§ ENTRIES SHOWN
---------------

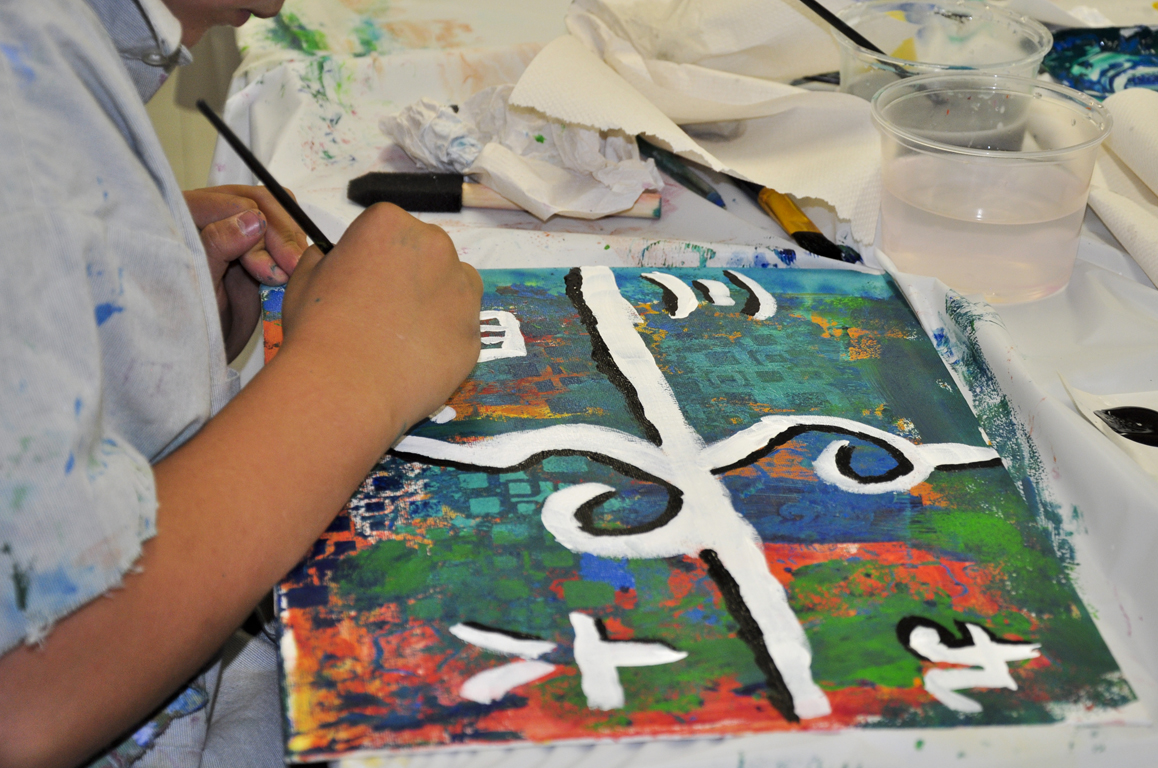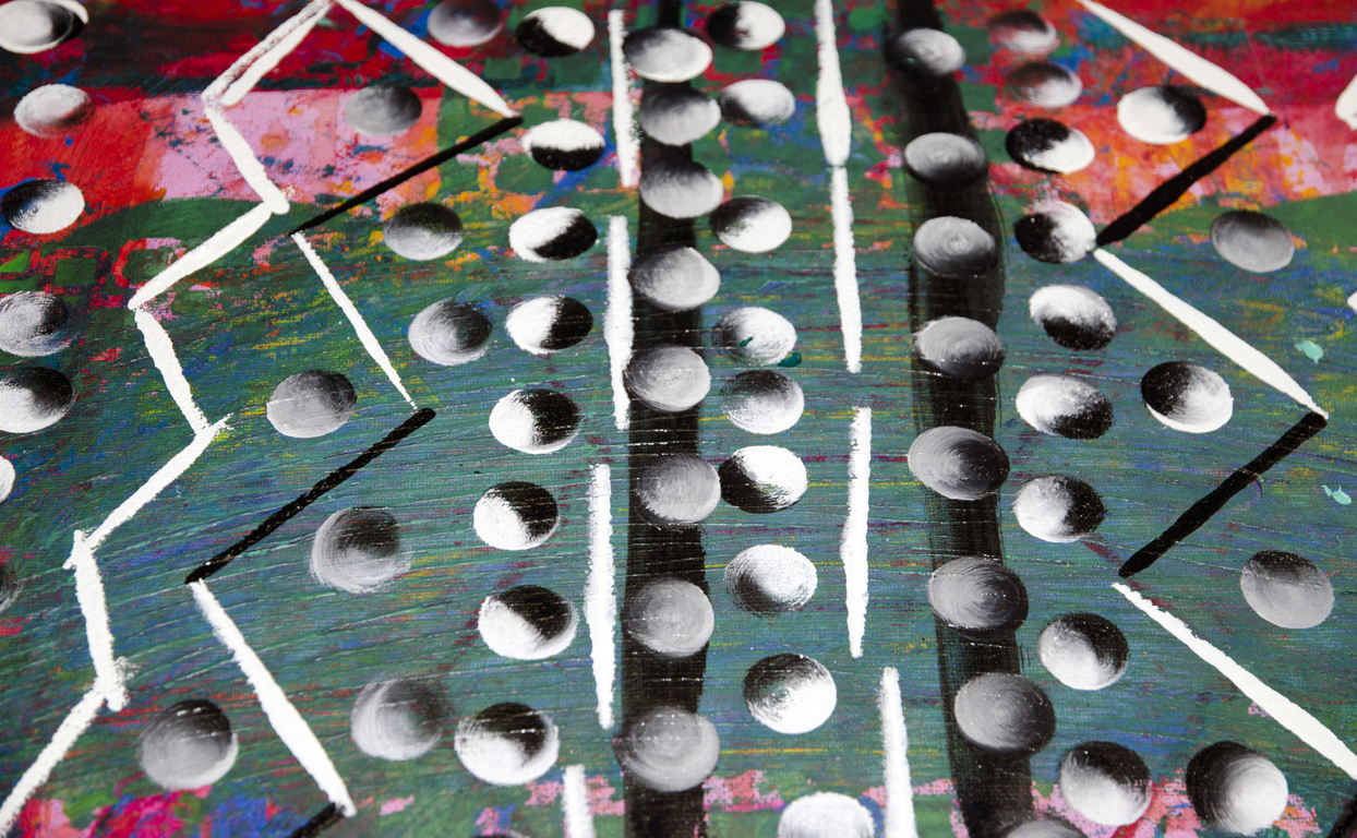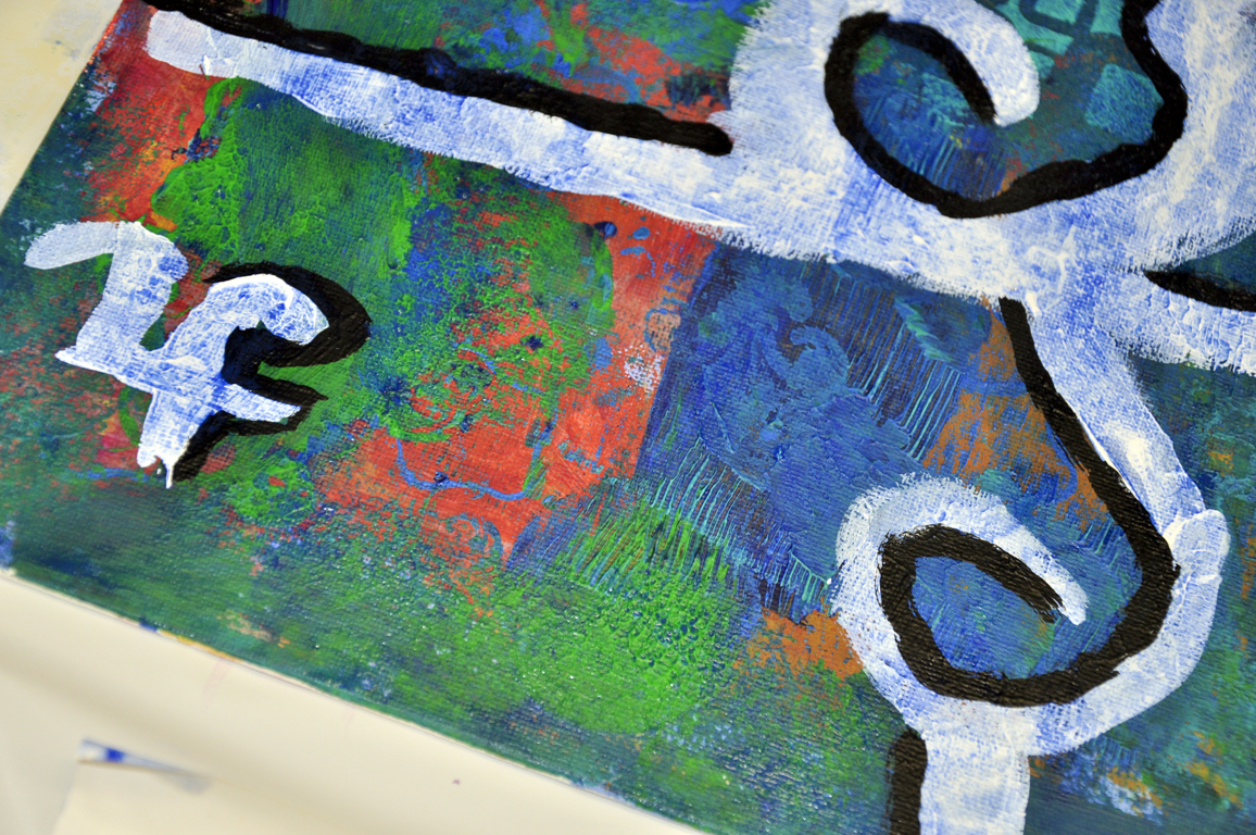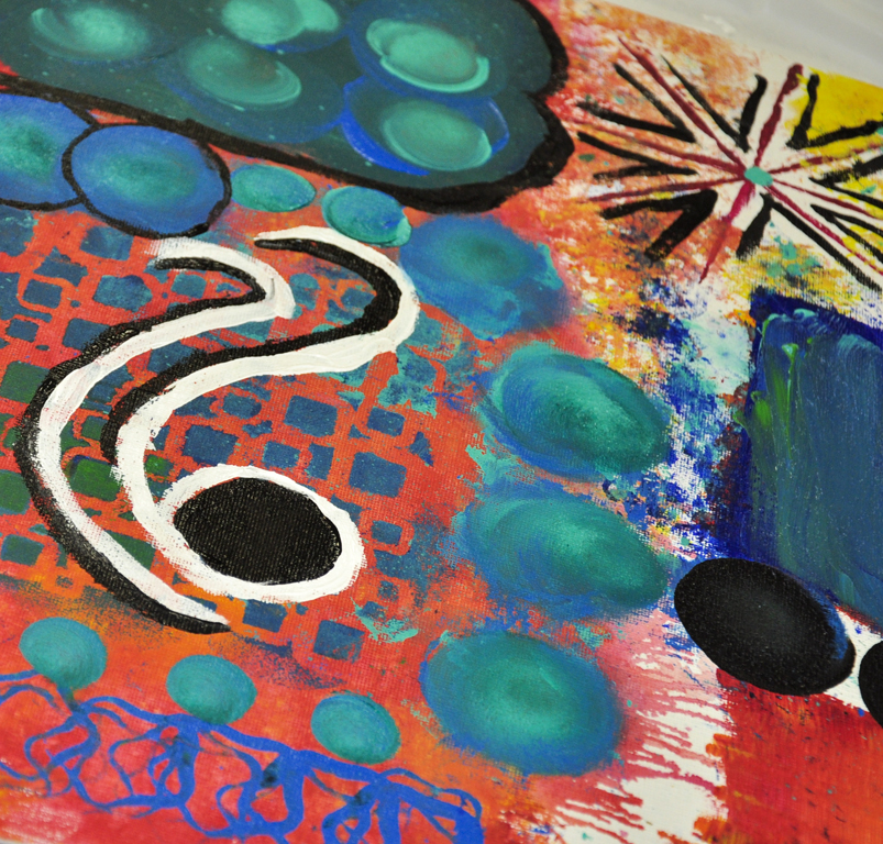 Use white and black (side by side for increased visual intensity) to add more marks or designs if you want to stay abstract, or to start building your subject if one is already calling you.
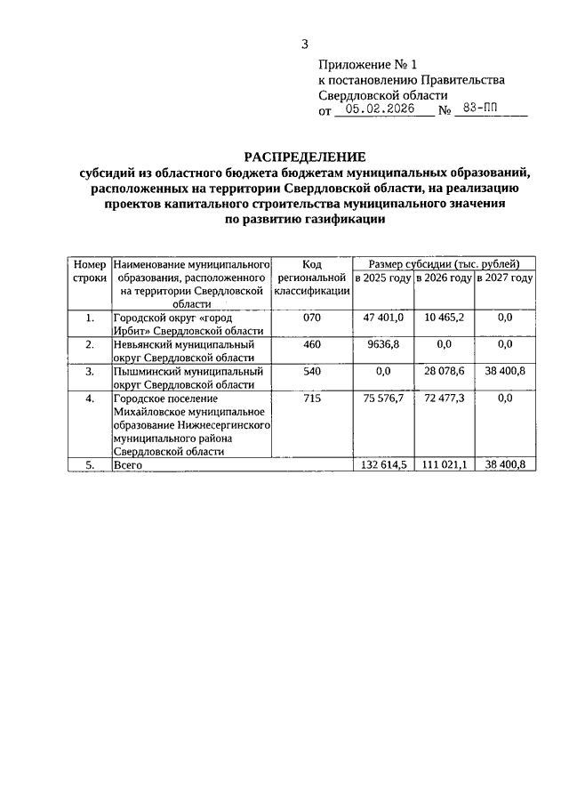 Постановление Правительства Свердловской области от 05.02.2026 N 83-ПП "О внесении изменений в Постановление Правительства Свердловской области от 23.01.2020 N 27-ПП "Об утверждении распределения субсидий и иных межбюджетных трансфертов из областного бюджета бюджетам муниципальных образований, расположенных на территории Свердловской области, в рамках реализации государственной программы Свердловской области "Развитие жилищно-коммунального хозяйства и повышение энергетической эффективности в Свердловской области"
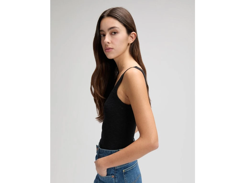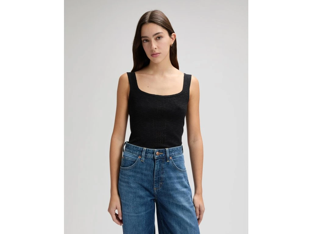 Dámské černé tílko Lee. Ve výstřihu a v prostřední části je vzorované. Povedený kousek, který využijete samostantě v teplém počasí nebo můžeme využít přes košii či tričko. Ušito v užším střihu Slim Fit.
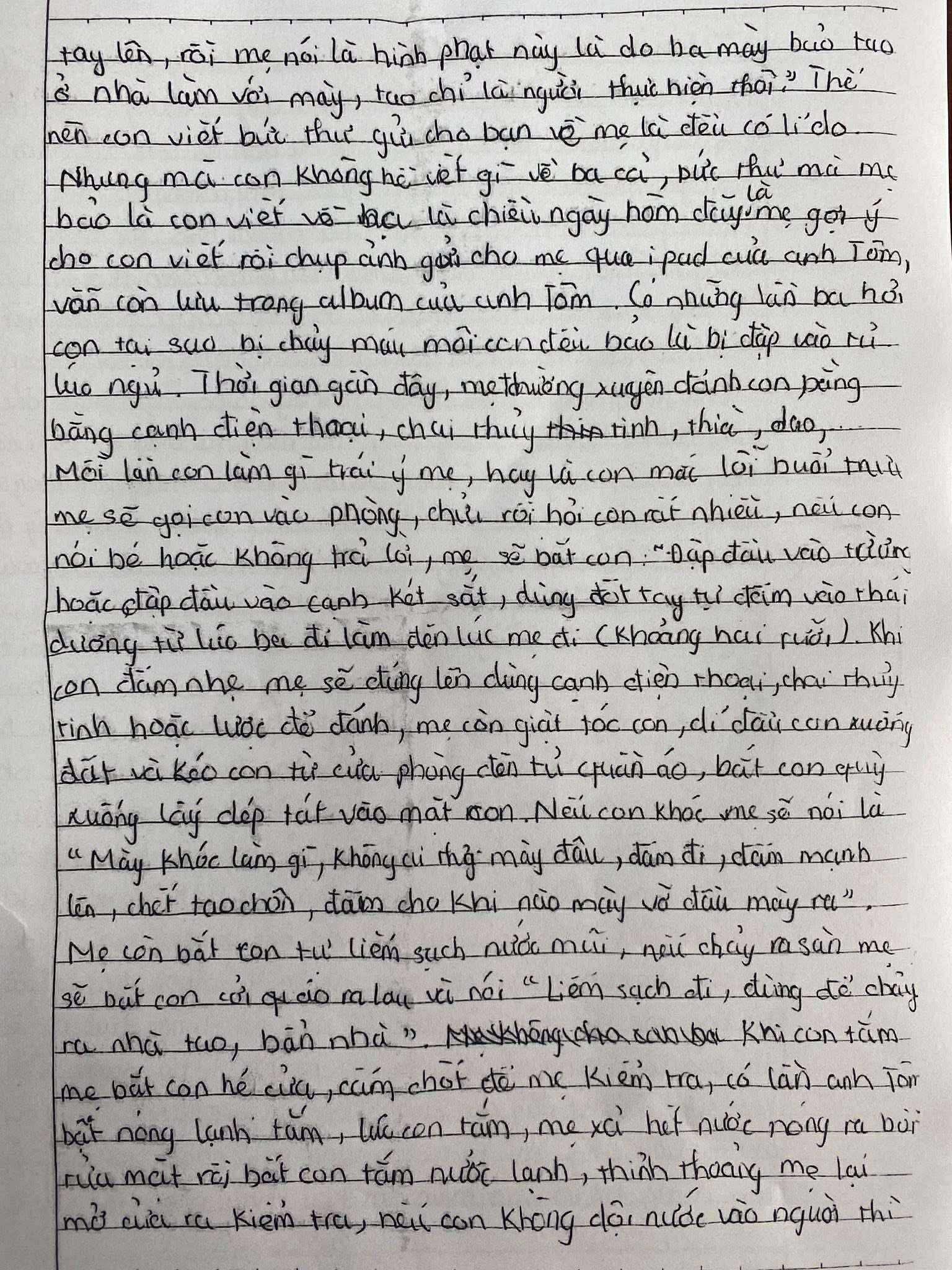 Theo đó, trong bức thư được cho là của bé trai, có đoạn viết: “Thời gian gần đây, mẹ thường xuyên đánh con bằng điện thoại, chai thủy tinh, thìa, dao…”. Đi kèm, một đoạn video từ camera an ninh ghi lại cảnh một người phụ nữ dùng điện thoại đánh vào đầu bé, bắt em đứng cúi mặt xuống bàn, không được ngồi ghế.
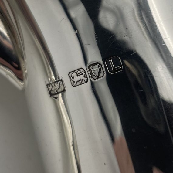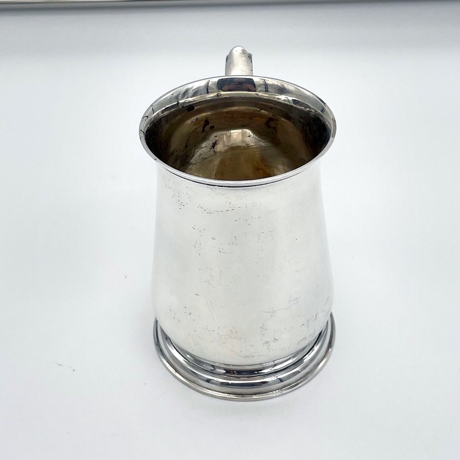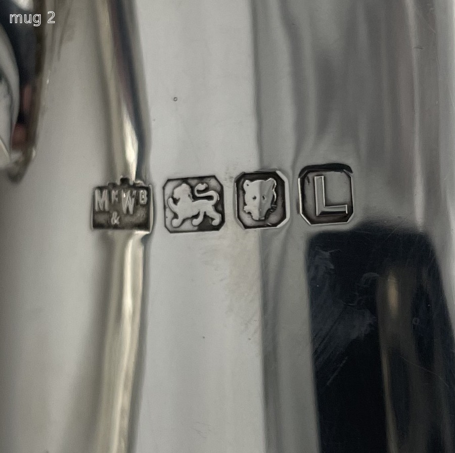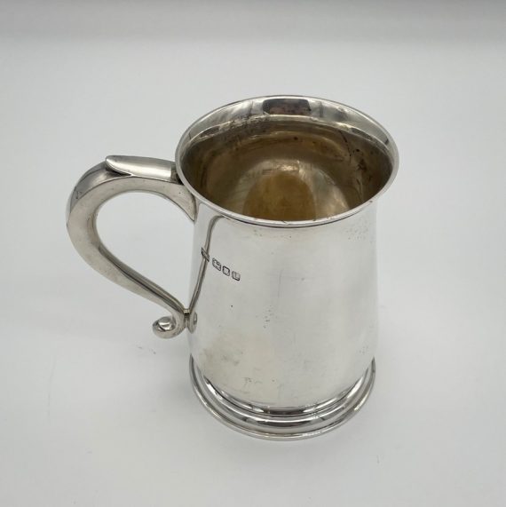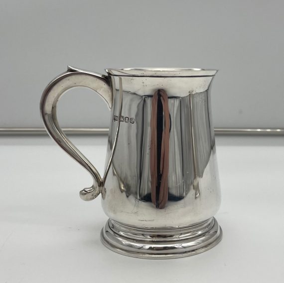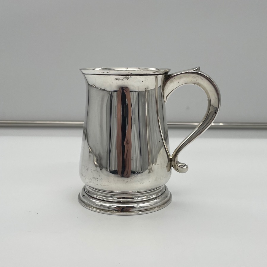 A fine pair of sterling silver pint mugs styled in an elegant plain formed manner and designed with stylish scroll handles.

---------------

§ WHAT IS REQUIRED
Although the records above contain pictures, only their text is to be repeated, exactly as given.

§ EXERCISE RESPONSE
 Use white and black (side by side for increased visual intensity) to add more marks or designs if you want to stay abstract, or to start building your subject if one is already calling you.
 Постановление Правительства Свердловской области от 05.02.2026 N 83-ПП "О внесении изменений в Постановление Правительства Свердловской области от 23.01.2020 N 27-ПП "Об утверждении распределения субсидий и иных межбюджетных трансфертов из областного бюджета бюджетам муниципальных образований, расположенных на территории Свердловской области, в рамках реализации государственной программы Свердловской области "Развитие жилищно-коммунального хозяйства и повышение энергетической эффективности в Свердловской области"
 Dámské černé tílko Lee. Ve výstřihu a v prostřední části je vzorované. Povedený kousek, který využijete samostantě v teplém počasí nebo můžeme využít přes košii či tričko. Ušito v užším střihu Slim Fit.
 Theo đó, trong bức thư được cho là của bé trai, có đoạn viết: “Thời gian gần đây, mẹ thường xuyên đánh con bằng điện thoại, chai thủy tinh, thìa, dao…”. Đi kèm, một đoạn video từ camera an ninh ghi lại cảnh một người phụ nữ dùng điện thoại đánh vào đầu bé, bắt em đứng cúi mặt xuống bàn, không được ngồi ghế.
 A fine pair of sterling silver pint mugs styled in an elegant plain formed manner and designed with stylish scroll handles.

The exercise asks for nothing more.